Je l'ai dit, Yves-Pascal Castel y a vu le nom d'un sculpteur.

 

"Les calvaires bretons n'ayant pu naître de génération spontanée, il faudra bien y voir des oeuvres sorties d'ateliers. Et qui dit atelier dit direction magistrale, programmes concertés, modèles définis, transmission de traditions tout autant qu'ouverture aux courants contemporains. En deçà des envolées lyriques pour qui l'art des tailleurs de pierre serait d'autant plus émouvant qu'il serait anonyme, au-delà des paresses intellectuelles qui se refusent à donner un visage aux créateurs d'un art qui continue de fasciner, il y a place au repérage d'artistes aux noms connus, et dont les autres pourront être classés sous le nom de "Maîtres de ... ". Dans cette recherche, l'observation patiente des styles et des apparentements palliera le silence désespérant des sources archivistiques. De l'atelier médiéval de Dinan, repéré vers 1350, à celui de Roland Doré, actif autour de 1630, trois siècles d'une grande sculpture étonnamment typée méritent qu'on essaie d'y voir clair. L'on placera les balbutiements d'une investigation relativement neuve sous le patronage de Jean Discalcéat, le saint minime qui avant d'entrer en religion, travailla, vers 1300, à construire des ponts et, est-ce un hasard, a faire des croix [?]. Plus près de nous, on rendra justice au perspicace abbé Jean Feutren qui découvre en 1970, au noeud du calvaire de Plougonven la signature de deux "ymageurs", Bastien et Henry Prigent. On saura aussi gré à Madame Françoise Daniel, d'avoir eu l'audace de monter au Musée municipal de Morlaix, l'exposition de 1988 qui mit en lumière l'oeuvre attachante de Roland Doré et qui, demandée par le Louvre, fut accueillie à Chaillot au Musée des Monuments Français. Certes les artistes qui ont signé leurs oeuvres sont rares. Mais dans l'impossibilité d'épingler des noms qui les authentifieraient à coup sûr, il sera légitime de regrouper sous le nom d'un même maître des oeuvres stylistiquement apparentées : Maître de Tronoën, Maître de Quilinen, Maître de Châteaulin ... Ainsi se constitue une galerie cohérente de sculpteurs non anonymes à laquelle les pages qui suivent, si rapides soient-elles, montrent qu'il n'est pas tout à fait insensé de rêver.

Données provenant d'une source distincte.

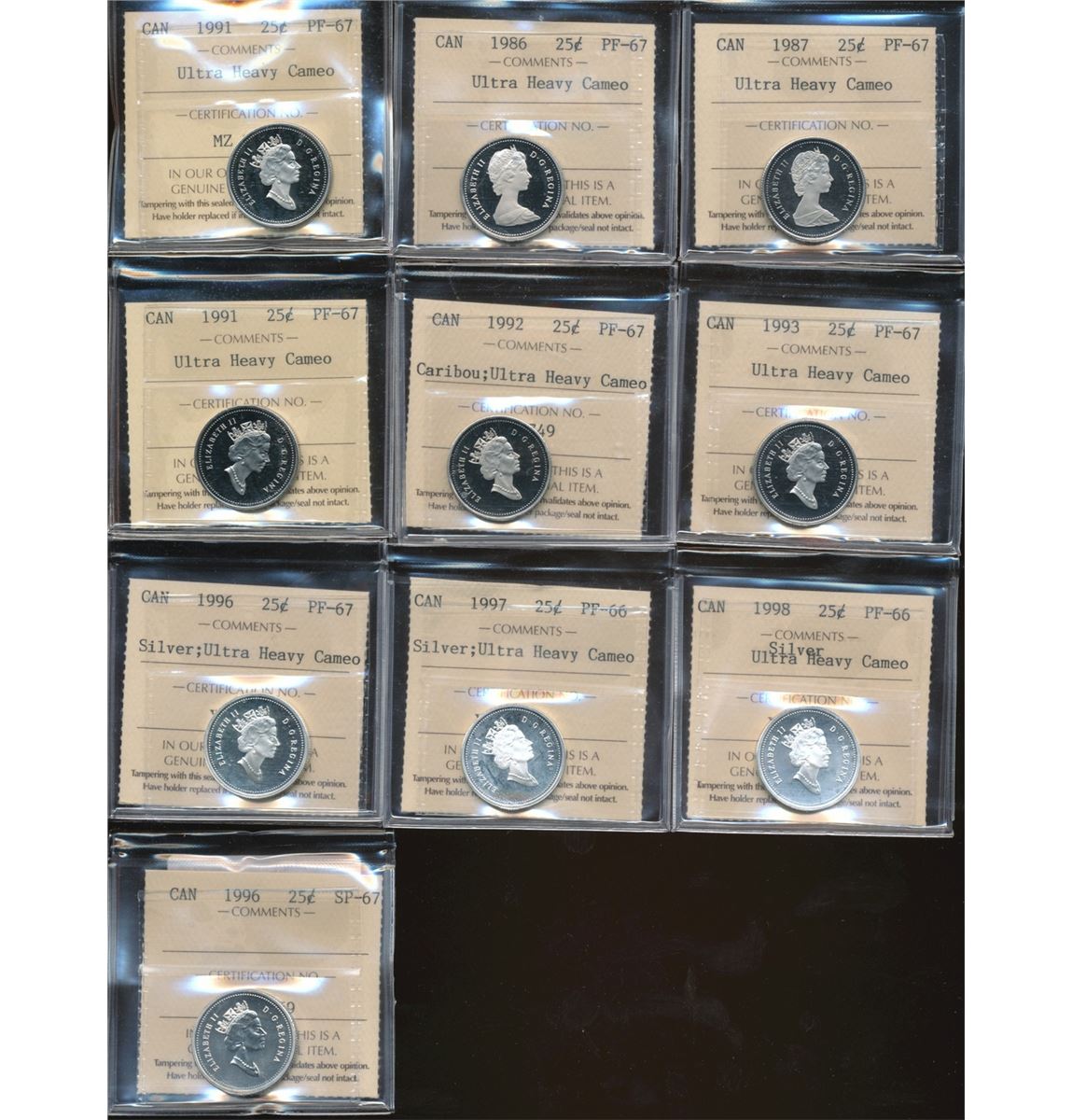 RCM Lot; includes Proof 25¢ 1986, 1987, 1991(2), 1992, 1993, 1996, 1997 & 1998 all ICCS PF66/67 along with 1996 SP67. Lot of 10 coins.

Anonyme, il refusait de l'être S. Coetdeleu, qui grava son nom au revers du calvaire de Locmaria-Lan à Plabennec, alors qu'une main furtive bûchait soigneusement celui d'un probable usurpateur étalé sur le fût : CESTE CROIX FAISTE PAR MAISTRE--- L'AN MIL VCC XXVII. Protestation de l'individu conscient de sa valeur ? On est en 1527, aux heures où l'artiste de la Renaissance réclame d'être reconnu en tant que tel »" (Y.-P. Castel)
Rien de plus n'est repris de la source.